With a clear picture of Tesserae search options as well as the vocabulary used to express APIs, it is possible to consider how the TIS-API can be used to build and submit a Tesserae search query. The first endpoint to consider is “/parallels/”, which accepts Tesserae search requests. By performing a POST request on the “/parallels/” endpoint and providing the Tesserae search options in a particular machine-readable format, a Tesserae search query can be submitted. Exact details on this particular machine-readable format can be found by consulting the documentation; for purposes of this paper, it is sufficient to know that the “/parallels/” endpoint accepts Tesserae search query submissions.

Ignoring the specifics of the Tesserae search query submission format for the “/parallels/” endpoint, earlier discussion has shown that a source text, a target text, a feature to search by, and a stopwords list must be specified. The TIS-API can be useful in choosing these options.
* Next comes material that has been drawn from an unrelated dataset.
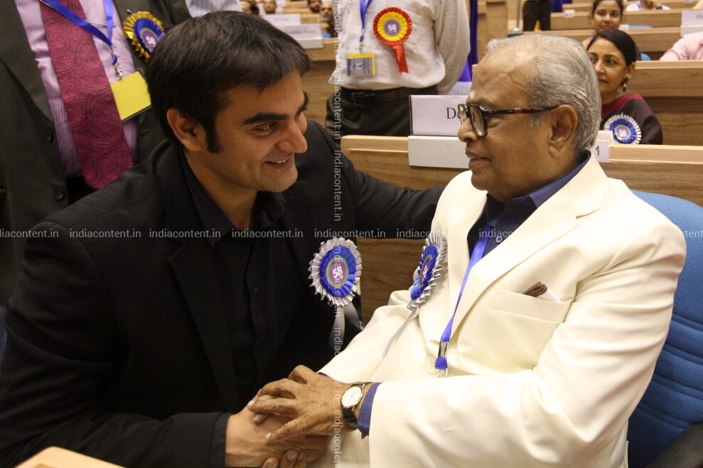 NEW DELHI INDIA - SEPTEMBER 09 Dadasaheb Phalke Award winner K Balachander with actor Arbaz Khan during the 58th National Film Awards Function in New Delhi on Friday. Photo by Shekhar YadavIndia Today Group K BalachanderArbaz Khan

Since Tesserae can perform intertext discoveries only between texts already in its database, we can only reference a source text and a target text already in the Tesserae database when submitting a Tesserae search. How does the TIS-API provide access to information about texts in the Tesserae database? As mentioned earlier, text information can be obtained at the “/texts/” endpoint. Again, there are specific details about the “/texts/” endpoint that may be useful (such as querying the Tesserae database for texts written by a particular author) which can be found by consulting the documentation. But for purposes of this paper, it is sufficient to know that the “/texts/” endpoint can be used to discover what texts are available to be used as a source or target text. From the information returned by performing a GET request on the “/texts/” endpoint, identification codes used by the database to refer to specific texts can be obtained. These identifiers can specify a source and a target text in the information submitted in a POST to “/parallels/”.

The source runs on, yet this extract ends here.